You know those moments where it's late at night, you're really tired, and suddenly you are struck by all the things in your life that aren't going right?
I hate those moments.
I hate retreating. I hate not realizing what I have. I hate doing poorly at something and thinking, I guess I better give up and try something else.
I hate wondering what I'm doing wrong, then finding untestable hypotheses that could be the answer, and so I assume they're right. Furthermore, I hate assuming these hypotheses are right, when there's a very good chance that the problem, as I see it, doesn't really even exist.
I hate being fat. I hate thinking I'm fat. I hate believing that this fatness is an impediment in life.
I hate going to sleep, certain that I'm floating through life, and I hate having to assure myself that it'll all be better in the morning.
I hate the fear of being poor.
I hate being a snob, and I hate that I don't have the resources to justify being a snob.
I hate that reasoning through every element of a problem does not come naturally to me. I hate that I invariably stop when I know the right answer, before I know the complete right answer.
I hate that I'm not creative enough to be an artist, hardworking enough to fix or produce things with my hands, and personable enough to excel at interacting with others.
I hate that I don't have the guts to always be closing.
I hate being afraid.
I hate being afraid. That one is worth saying twice.
I hate that I don't come off as a self-possessed leader of men.
I hate that the grin that works so well upon first meeting can really only be interpreted as the grin of a fool.
I hate that I don't follow through on things. I hate not finishing. I hate having only enough drive to know that I don't have enough drive. I hate my mediocrity.

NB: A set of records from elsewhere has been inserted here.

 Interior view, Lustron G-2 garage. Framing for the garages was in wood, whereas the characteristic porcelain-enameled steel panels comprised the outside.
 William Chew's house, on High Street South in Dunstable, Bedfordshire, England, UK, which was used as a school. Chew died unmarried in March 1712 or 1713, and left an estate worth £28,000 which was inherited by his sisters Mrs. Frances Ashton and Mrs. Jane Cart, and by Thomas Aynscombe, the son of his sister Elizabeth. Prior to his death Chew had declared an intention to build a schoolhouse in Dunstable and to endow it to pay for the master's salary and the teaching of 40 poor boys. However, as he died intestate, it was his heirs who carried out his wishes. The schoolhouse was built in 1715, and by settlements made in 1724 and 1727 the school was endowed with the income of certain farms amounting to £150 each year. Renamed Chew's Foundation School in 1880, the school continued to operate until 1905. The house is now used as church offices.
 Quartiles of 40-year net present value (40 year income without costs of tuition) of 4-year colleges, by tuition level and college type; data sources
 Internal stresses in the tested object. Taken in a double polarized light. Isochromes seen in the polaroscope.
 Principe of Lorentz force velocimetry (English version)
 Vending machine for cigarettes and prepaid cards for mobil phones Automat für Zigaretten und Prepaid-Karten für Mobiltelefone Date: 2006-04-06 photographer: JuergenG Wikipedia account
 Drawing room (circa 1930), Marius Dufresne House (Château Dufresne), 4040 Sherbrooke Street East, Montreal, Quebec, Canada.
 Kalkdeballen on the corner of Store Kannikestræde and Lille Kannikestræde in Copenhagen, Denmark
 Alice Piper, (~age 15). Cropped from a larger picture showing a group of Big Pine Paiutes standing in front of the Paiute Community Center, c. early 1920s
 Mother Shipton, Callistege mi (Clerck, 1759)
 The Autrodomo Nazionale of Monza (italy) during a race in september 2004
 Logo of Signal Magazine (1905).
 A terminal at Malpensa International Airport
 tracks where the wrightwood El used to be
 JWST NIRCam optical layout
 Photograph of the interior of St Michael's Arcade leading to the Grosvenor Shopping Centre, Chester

I wish that being 27 meant I was grown up. How is it that I don't have this switch that so many other people seem to have that makes them responsible adults?
You know what the nice thing about having something you've never done but wish you did? Like sky diving? Or writing a novel?
The nice thing is that, for all that it is a regret, at least you aren't/haven't failed at it.
Because what then? A failed dream is basically the same thing as lost hope.
Alright. It's 3am. Time to recite that mantra that proves true every time (except the time my advisor yelled at me in Bozeman, but that's another story).
It'll all be better in the morning. Screw tiredness and whatever bizarre chemicals are coursing through my body. It'll all be better in the morning.